Beeston St John's
- Full name: Beeston St John's Football Club
- Founded: 1886
- Dissolved: 1895
- Ground: Padgers Road
- Secretary: E. Wright

= Beeston St John's F.C. =

Beeston St John's F.C. was an association football club from Nottingham, active in the late 19th century.

==History==

The first record of the club is from 1886, when it entered the Nottinghamshire Church Football Association Cup. The club however had greater ambitions, and entered the Nottingham Express Challenge Cup for more senior clubs that year, although it lost 7–0 in the first round to Kimberley Town.

The club first made its mark by beating Loughborough Town in a friendly at the end of 1887 - Beeston had turned up to Loughborough to play the second XI, but, after the Town first XI was disappointed in its fixture, offered to play the senior side instead. It finished the season by winning the Church Cup with a 1–0 win over Mapperley, in front of 1,200 on the Castle Ground in Nottingham, albeit its opponent was handicapped by losing a man to a broken leg in the first half.

The club therefore entered the FA Cup for 1888–89, although that season qualifying rounds had been brought in.

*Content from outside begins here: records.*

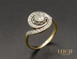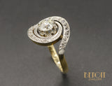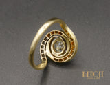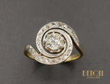 Bague tourbillon en or jaune 750 millièmes dont le centre est serti d'un diamant taille ancienne sur huit griffes de platine. De chaque côté, le corps de bague fin, revient en tourbillon autour du chaton central, pavé de diamants taille rose sur réhaut de platine. Très belles mises à jour en écailles.
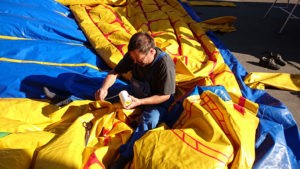 Nicht nur LKW-Planen und Verdecke werden von MAISE fachgerecht repariert. Hier ging einer Hüpfburg die Luft aus. MAISE ist zur Stelle um die Reparatur vorzunehmen.
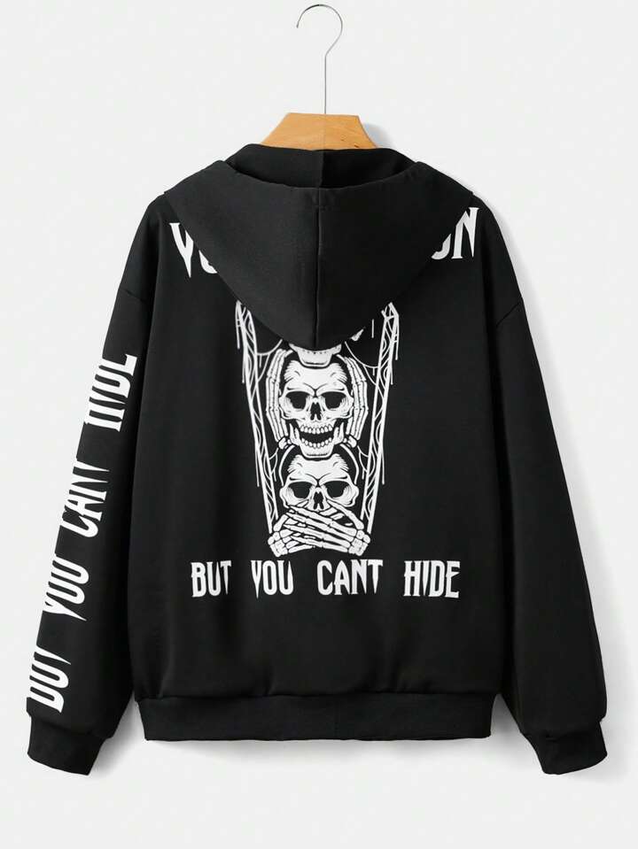 Afdhal Studio Felpa con cappuccio slogan & con stampa teschi spalle cadenti con coulisse zip
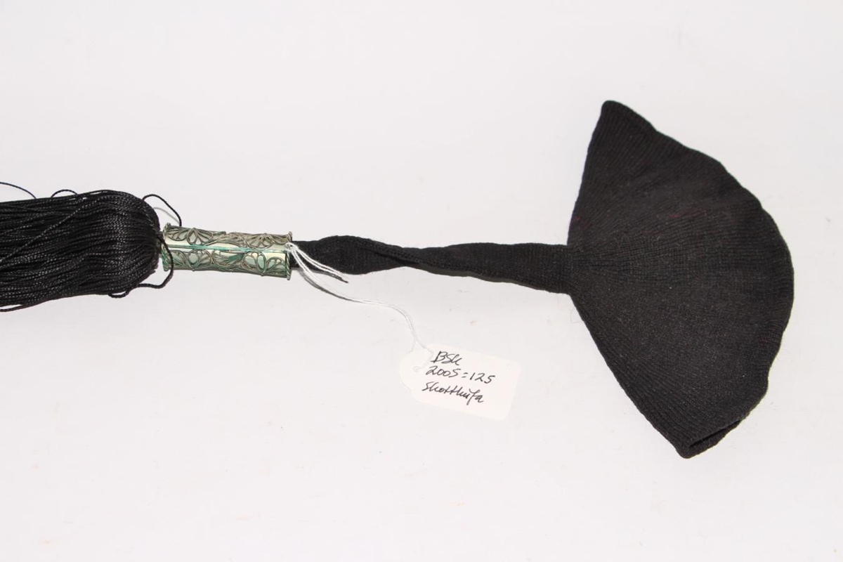 Skotthúfa, prjónuð úr fínu svörtu ullargarni. Hringlaga um 16 cm í þvermál, með prjónuðu 12 cm löngu skotti sem á er festur 40 cm langur silkiskúfur. Á samskeytum skúfs (sem klæddur er svörtum bómullardúk, um 7 cm löngum) og skotts er silfurhólkur. Silfurhólkurinn er 5 cm langur og 1,6 cm í þvermál. Hann er skreyttur að utan með víravirkisblómum, laufum og snúrum á sitthvorum enda. Stimplar eru sjáanlegir. Óvíst hvaðan hún kom.
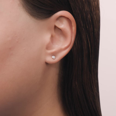 Серьги с 2 бриллиантами природными, 0.02 карат, огранка круг 57 граней, цвет 5, чистота 6, тип огранки А; 16 бриллиантами природными, 0.04 карат, огранка круг 17 граней, цвет 2, чистота 2, тип огранки А; Розовое золото 585 пробы.
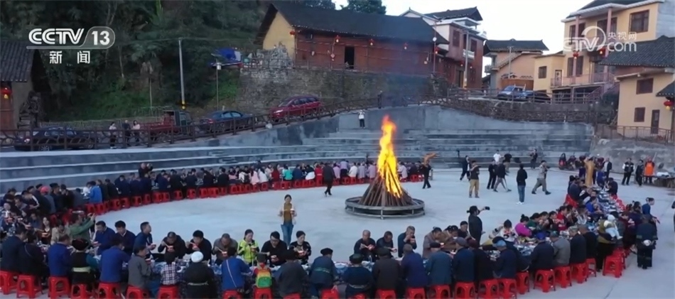 這天是十八洞村一個(gè)重要的日子,村里人聚在一起點(diǎn)起了篝火,擺起了長龍宴,見證苗家文化廣場投入使用。
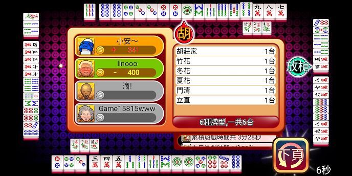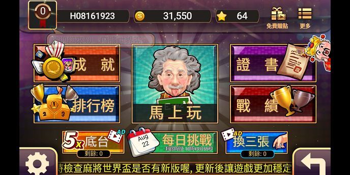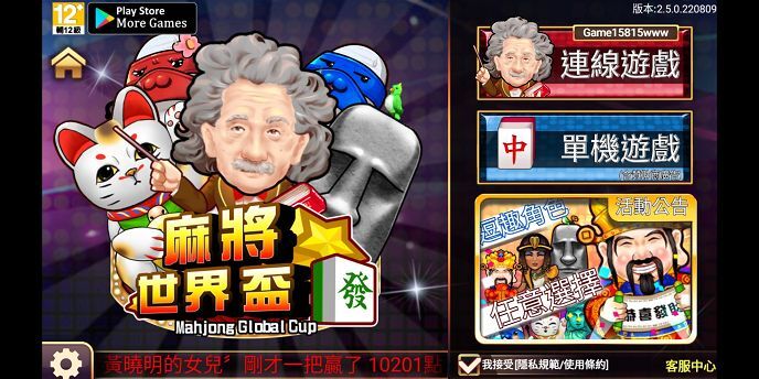 [遊戲名稱] 麻將世界盃 (單機+連線) [遊戲語言]正體中文、簡體中文、英文 [使用權限]免費無任何權限 [更新日期]2022/10/25 [遊戲簡介] 最道地的台灣16張麻將,有連線版與單機版。 [遊戲特色] * 單機加連線,單機版還有初學者救星(換三張)讓您愉快地玩輕鬆地打,享受胡牌的樂趣! * 台數採見字見花,道地台灣味 * 神功有成後再進連線版,輕鬆獲得賭神稱號。 [遊戲截圖] [下載點] Google Play IOS APPLE STORE Android 官方APK下載 讚 收藏 快速回應 引言回應

It won its first tie, 2–0 at home to Notts Olympic; in the second qualifying round, the club was drawn away to Notts County. As County also had a scheduled Football League match against Burnley on the same day, County hosted the matches as a double header, and fielded a reserve XI against St Johns - which was still good enough to win 4–2.

The turning professional of Nottingham Forest indirectly prevented the club from proceeding further. A number of the Forest players left to join the amateur side Beeston F.C., and both clubs entered the 1889–90 FA Cup qualifying rounds. Both lost at the first time of asking (St John's to Jardines at home) and St John's did not enter again.

The club played in the Notts League from 1889–90 until 1894–95, but withdrew from the competition in the middle of the latter season, having only won one match in 13; its final recorded match was a 10–2 defeat at Hucknall St John's in December 1894, with two Beeston players having to retire after their boots fell apart. The club disbanded before the 1895–96 season.

==Ground==

The club's ground was at Padgers Road, near the Humber Limited works,

==Notable players==

- Harry Walkerdine, who was made captain of the club in 1889 after a successful first season, but was poached by Notts County after one further match.